Но за эту ясность и связность мы платим. Беда историй в том, что они описывают слишком выборочно. Проще говоря, не дают полной картины. Истории — это частичные правды. В фильмах мы это видим наглядно, когда между последовательно идущими сценами пропущены большие отрезки времени, а ракурсы камеры оставляют вне кадра бóльшую часть происходящего. Сценаристы, режиссеры, монтажеры выбирают, что показать, из множества вариантов. Чарльз Диккенс, описывая жизнь Дэвида Копперфилда, берет лишь несколько ее эпизодов. Дэвид Николс в романе «Один день» дает более чем двадцатилетнюю хронику двух жизней, описывая события одного дня из каждого года.
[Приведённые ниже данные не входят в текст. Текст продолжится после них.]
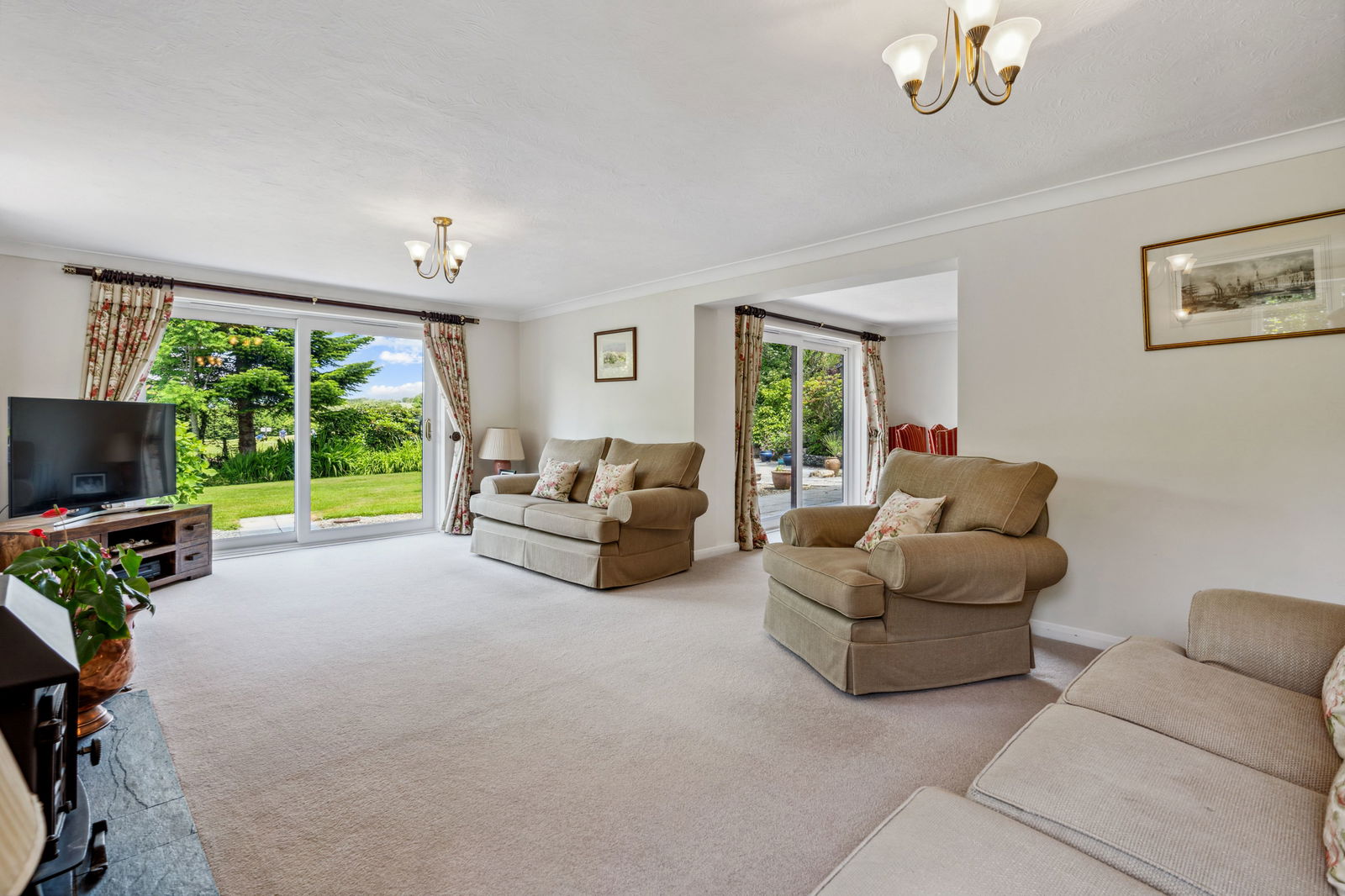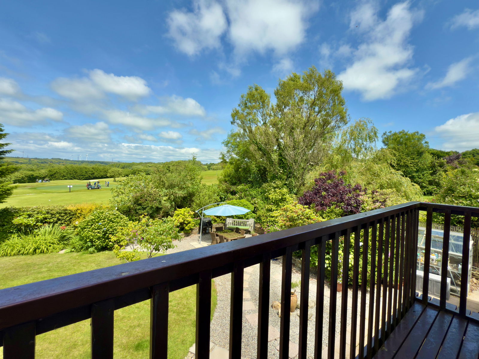 Enjoying great views of the garden, golf course and countryside beyond.

Так же обстоит дело и с невымышленными историями. Описывая последовательность событий, мы выбираем, с чего начать, какие эпизоды отразить, как показать участников. А главное, мы упрощаем причинно-следственные связи. Истории в этом смысле весьма экономны: из-за того, что Парис похитил Елену у Менелая, греки объявили войну Трое; Хитклиф подслушивает слова Кэти о том, что выйти замуж за него было бы для нее унижением, и, покинув дом, сколачивает состояние, с которым становится хозяином Грозового перевала. Реальная жизнь редко бывает такой черно-белой. У события обычно несколько причин. Часто дело обстоит так, что X — одна из причин Y, но U, V и W — также его причины. Политики привычно объясняют кризис государственного долга или возникновение ИГ [15] простыми историями, которые отвечают целям этих политиков. Их соперники рассказывают другие истории с другими причинно-следственными связями, которые точно так же могут быть правдивы. Ученые типа Нассима Талеба даже говорят о «ловушке рассказчика» — нашей «ограниченной способности наблюдать последовательность фактов, не вплетая в них объяснения, то есть не устанавливая между ними произвольной логической связи»2.
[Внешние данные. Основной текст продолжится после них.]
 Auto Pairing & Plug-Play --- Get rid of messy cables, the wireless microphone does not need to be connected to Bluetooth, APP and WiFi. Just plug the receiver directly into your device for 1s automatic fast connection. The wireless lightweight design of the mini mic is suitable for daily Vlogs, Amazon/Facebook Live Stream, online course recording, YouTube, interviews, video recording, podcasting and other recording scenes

Наоми Кляйн в полемической книге «Доктрина шока» [16] рассказывает, как Америка реагировала на ураган «Катрина»3. Она пишет, что администрация президента Джорджа Буша увидела в «Катрине» возможность применить к обветшавшей социальной инфраструктуре Нового Орлеана «неолиберальные подходы», такие как приватизация, ослабление государственного регулирования, сокращение управленческого аппарата и свободная торговля. Опустошительный ураган (триггер в истории Кляйн) так все перемешал в демографии и городском управлении Нового Орлеана, что кто-то увидел там чистую доску для обкатки своих рыночных идей. «За какие-то недели побережье залива стало домашней лабораторией» для «правительственных подрядчиков».
Вдохновившись работами нобелевского лауреата по экономике Милтона Фридмана, администрация Буша не стала выделять экстренные фонды государственным организациям, а направила $3,4 млрд частным подрядчикам из сферы «капитализма катастроф», таким как Halliburton, Bechtel и Blackwater. Городу, лишившемуся по воле стихии налоговой базы, пришлось уволить 3000 людей, а вместо них федеральное правительство наняло для реконструкции частных консультантов, поставив выгоду застройщиков выше благополучия горожан. Кварталы государственного жилья, расположенные на выгодных земельных участках, которые давно вызывали зависть частных застройщиков, назначили под снос, едва лишь эвакуировали их обитателей. Государственные школы превратили в коммерческие. Президент Буш учредил новые налоговые послабления для местных крупных компаний и отменил регламенты, защищавшие наемных работников и их доходы.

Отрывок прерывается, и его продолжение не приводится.